Cysticercosis is the infection caused by Cysticercus cellulosae, the larvae of the tapeworm Taenia solium, which affects humans mainly by accidental ingestion of eggs containing infective oncospheres [1].  It is the most common parasitic disease of the central nervous system and endemic in our country [1,2].

    We report a case of 42 year old male who presented with complaints of weakness of bilateral lower limbs since 3 months. Magnetic resonance imaging (MRI) showed a multilobulated intradural intramedullary cyst in thoracic cord with eccentric scolex at D9-D10 vertebral level and multiple ring enhancing lesions with eccentric scolex in brain.
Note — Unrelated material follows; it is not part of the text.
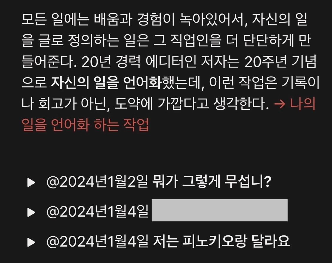 10월 20일은, 지금 하고 있는 일을 시작한지 5년째 되는 날이었어. 그래서 어제 동료와 함께 5년을 회고하는 시간을 가졌어. 그동안 적어두었던 기록,노트들도 다 꺼내보며 크게 5년을, 지난 1년을 회고해보았어. 신기한건 같은 사건을 다르게 인식하고 있기도 했고, 또 까먹기도 했던 순간들이 있었다는 점이야.

Based on a brief review of the literature, clinical and radiological aspects of spinal cysticercosis with differential diagnosis are discussed.

Case Report

A 42 year middle aged male was admitted with complaints of weakness of bilateral lower limbs since 3 months. Patient was apparently alright 3 months back when he had low backache. He developed weakness of limbs starting from left leg, then progressed to right leg after 15 days. He had log like sensation of both lower limbs. He had no bowel/bladder involvement.

    For his complaints patient underwent MRI lumbosacral spine performed on 1.5 Tesla Magnetom Avanto, Siemens using an oval spine coil. T1-weighted (TR/TE/n=550/15/3) and T2-weighted (TR/TE/n=2200/20,80/1) images were obtained in sagittal plane and axial plane with a slice thickness of 3 mm interslice gap of 0.3 mm, and a 256 x 256 matrix. Post-contrast T1 weighted images were obtained after injection of Gd-DTPA in the dose of 0.1 mmol/kg bodyweight. Brain MRI was done by using head coil with axial images with slice thickness of 5 mm, interslice gap 0.5 mm, and matrix 192 x 256 matrix.
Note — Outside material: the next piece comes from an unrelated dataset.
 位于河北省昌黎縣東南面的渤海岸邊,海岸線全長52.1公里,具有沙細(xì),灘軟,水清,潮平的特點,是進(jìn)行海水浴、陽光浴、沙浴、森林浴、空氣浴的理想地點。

    Spinal MR images fig.1 to fig.4 showed a well-defined multi-lobulated intramedullary peripherally enhancing cystic lesion of approx. size 3.6 cm craniocaudally, 1.1 cm anteroposteriorly and 0.8 cm transversely with an eccentric non-enhancing focus within iso-intense to cord, in the thoracic spinal cord from mid D9 vertebral body to lower border of D10 vertebral body level, causing widening of spinal cord at the same level. On T2W images [Fig.1] and T1W image [Fig.2], cyst fluid was isointense to cerebrospinal fluid (CSF) and there was an eccentric nodule isointense to cord within the cyst on T1W images [Fig.2]. The lesion showed ring enhancement on contrast study [Fig.4]. These features were suggestive of vesicular stage of cysticercosis.
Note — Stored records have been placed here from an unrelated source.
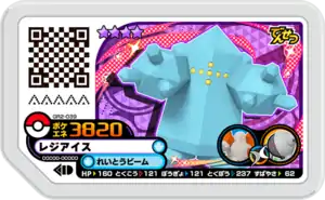Regice (Japanese: レジアイス Regice) is a Grade 4 Pokémon Ga-Olé disk. It is part of the second Grand Rush set.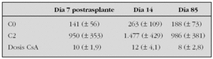 Conclusión: La evolución clínica y las infecciones oportunistas fueron similares a pacientes trasplantados el año anterior controlados con C0 y dosis media de CsA de 5 mg/kg/día. En la serie actual nuestros pacientes pediátricos mostraron mayor dificultad que los pacientes adultos de la literatura médica para obtener las cifras de C2 sugeridas pese a un aumento de la dosis de CsA del 60 %.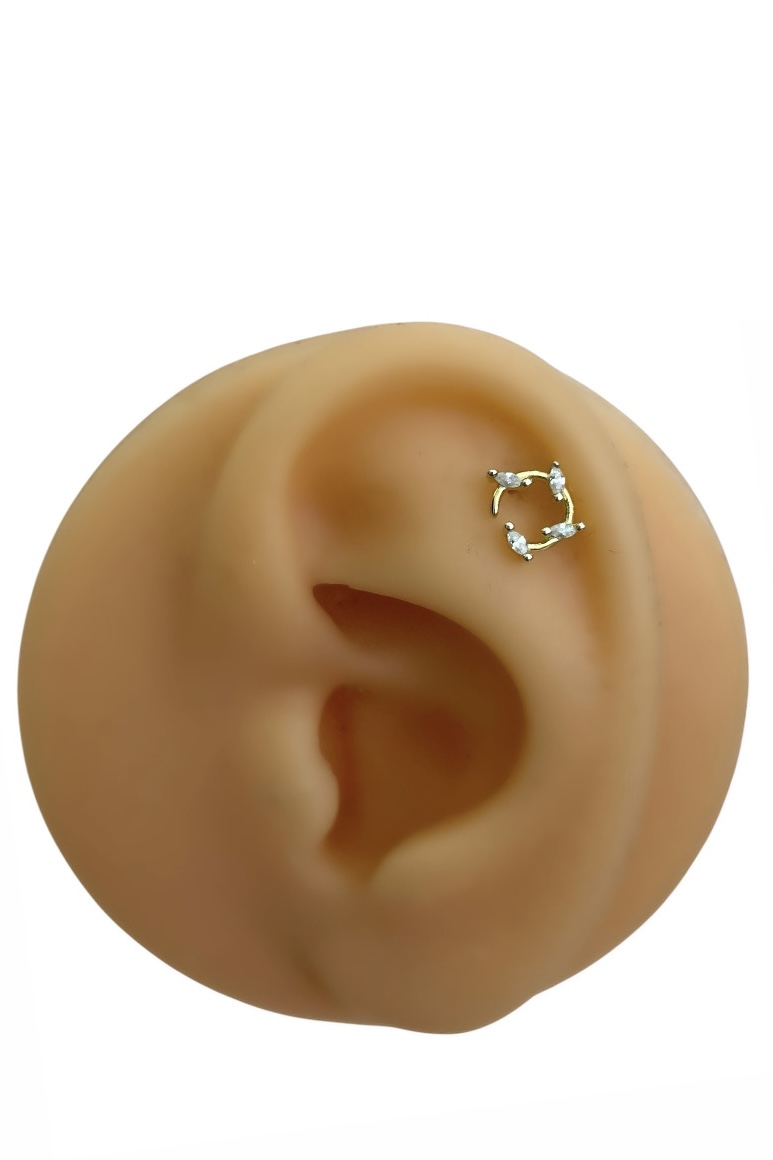 Yeşil Beyaz Taşlı Taç Gold Piercing

    Due to diagnostic difficulty, MRI brain was also performed, and fig.5 to fig.7 revealed similar multiple lesions within the brain parenchyma at grey-white matter junction in bilateral occipital, left frontal, right lentiform and bilateral parietal regions suggestive of neurocysticerosis, again in vesicular stage.


Discussion

The usual way in which NCC involves the spinal cord is from an extramedullary (racemose) formation, as a result of dissemination of the vesicles through the subarachnoid space from the posterior cranial fossa [3]. Intramedullary cysticercal involvement usually solitary, most probably occurs through arterial circulation. The site of infection could be proportional to regional blood flow and this would help explain why the most common region of intramedullary cysticercosis is thoracic, followed by cervical, lumbar and sacral regions [1]. The neurological consequences of spinal cord involvement in NCC are due to two different mechanism different mechanisms: irritation and mass effect [3,4].

    The progression of the spinal cord lesion begins with inflammation due to the presence of the parasitic toxin [3,4]. The resultant mass effect causes spinal cord compression syndrome, caused by the increase in the size of vesicles [3]. Finally arachnoiditis fibrosa  leads to medullary vascular insufficiency [3]. Inflammatory reaction against the dead parasite is associated with perilesional edema, which can damage medullary parenchyma [1]. Obstruction of cerebrospinal fluid pathways due to scarring of the subarachnoid space can also cause symptoms [2].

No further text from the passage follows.